Gazetelerdeki haberleri gördün mü? Soğanın fiyatı almış başını yürümüş.

Efendim tabii yükselir çünkü tarım politikamız sağlam değil.

Yok ondan olur mu canım, insafsız komisyoncuların açgözlülüğü bu.

İbreti alem için bunların soğanlarını bir liradan vatandaşa satacaksın.

Yok değil efendim, yanlış düşünüyorsunuz. Soğan stoklanması gereken bir üründür. Bir dahaki hasat gelecek ilkbahara. Soğansız mı kalalım.

İşte çiftçiyi öldürürseniz böyle spekülatörlerin eline kalırsınız.

Evde soğan mı yetiştirsek?

Toprak lazım.

Topraksız tarım da oluyormuş. Öyle diyorlar.

İyi de canım menemeni de soğansız severim zaten, bana dokunan bir tarafı yok.

Bugün soğan yarın domates, öbür gün yumurta. Menemenimize göz dikti hain dış mihraklar.

İyi de soğanla mı ilgileniyorlar doğrudan.

Şüphe iyidir, yanlış çıkarsa kimse hatırlamaz ama doğru çıkarsa şanımız yürür.

Şimdi gözlerimiz yaşarınca soğan doğruyordum diye topu taca da atamayız.

Vedat Milör ne diyor bu işe?

Soğan fiyatından haberi var mıdır canım?

İyi de adam menemenin soğanlı mı soğansız mı olduğunu sordu. Türkiye’yi ayağa kaldırdı. Soğan fiyatlarına neden ilgisiz olsun ki?

Boş ver bunları, soğan fiyatlarının yükselmesi iyi oldu?

Nedenmiş?

Milletin ağzı soğan kokmayacak da ondan.

İyi de soğan kürü filan diyorlar zayıflamak isteyenler için. Millet şişsin mi?

Bu soğan meselesi var ya, aslında mafyanın değişik bir yöntemi.

Soğan mafyası mı olurmuş?

Geçenlerde okudum. İtalya’nın mafya aileleri artık uyuşturucu ve insan kaçakçılığını bırakmışlar tarım mafyası olmaya yönelmişler.
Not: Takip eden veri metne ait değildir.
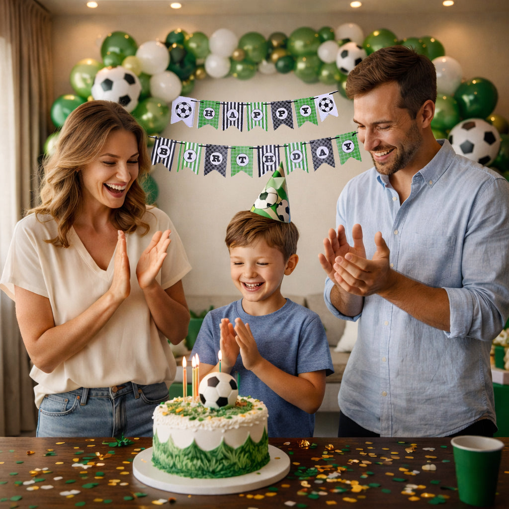 SOCCER THEME BANNER: Score big on style and excitement at your soccer-themed event with our Soccer Bunting Banner. Whether you're hosting a soccer birthday, football-themed house party, a sports-themed gathering, or a victory celebration, this banner adds a sporty flair that will have everyone cheering.
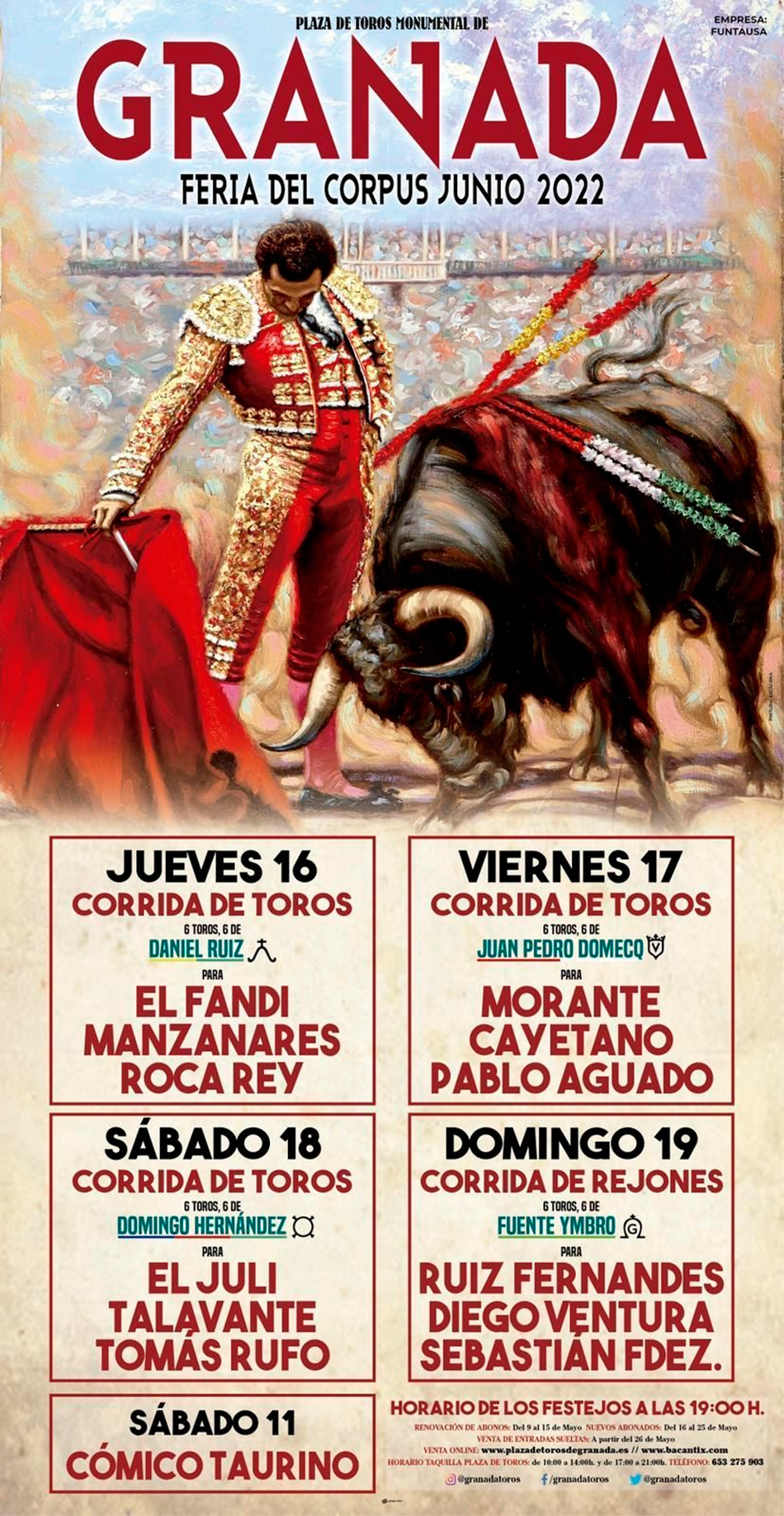 Programa de corridas de toros para las Fietas del Corpus 2022

Bak bu ilginçmiş işte. Çiftçinin tepesine çöküyorlarmış. Devletten aldıkları sübvansiyonlarını bu mafyaya veriyormuş çiftçi.

Vay vicdansızlar!

Dış mihrak deyince inanmıyorsun ama mafya deyince aklın yattı bakıyorum.

Ne bileyim üç kuruş için insan doğrayanlar tarımı niye mafyalaştırmasın?

Bence de olur.

Peki sence ne olacak bu soğan işi.

Çiftçinin işi her türlü zor. Yazı da gelse tura da gelse kaybediyor çiftçi.

O zaman ekip biçmesin mi?

Olur mu canım ne yiyip içeceğiz?

Orasını bilemem.

Her şeyi biliyorsun da bunu niye bilmiyorsun?

Aklım ermez o kadarına.

Mesele de bu ya kardeşim. Her işten yakınmayı biliriz. Suçlu aramada üstümüze yoktur amma iş çözüm bulmaya geldiğinde sıvışırız.

Ne yapayım oturup soğan sorunsalı üzerine makale mi yazayım?

Yazma, yazarsan işin kokusu çıkar zaten.

Ne yapacağız o zaman.

Biraz dinlemeyi öğreneceğiz. Her gördüğümüz haberde eski İstanbul tulumbacıları gibi “yangın olur biz yangına gideriz” diye dedirtmeyeceğiz.

İşin tadı burada ama.

İyi de kalabalık yapıyoruz. Esas konuşması gerekenlerin sesi duyulmuyor.

Sen ne yapıyorsun yazar efendi. Bilmiş bilmiş konuşuyorsun.

Soğan kokusu üzerine de.

Bu kadar konuşursak olacağı bu.

Fiyatlar ne olacak?

Düşer düşer, arada olur böyle. Su azaldığında suyu konuşuruz, soğan azaldığında soğanı. İnsanlık azaldığı içinden hep ondan söz ediyoruz baksana.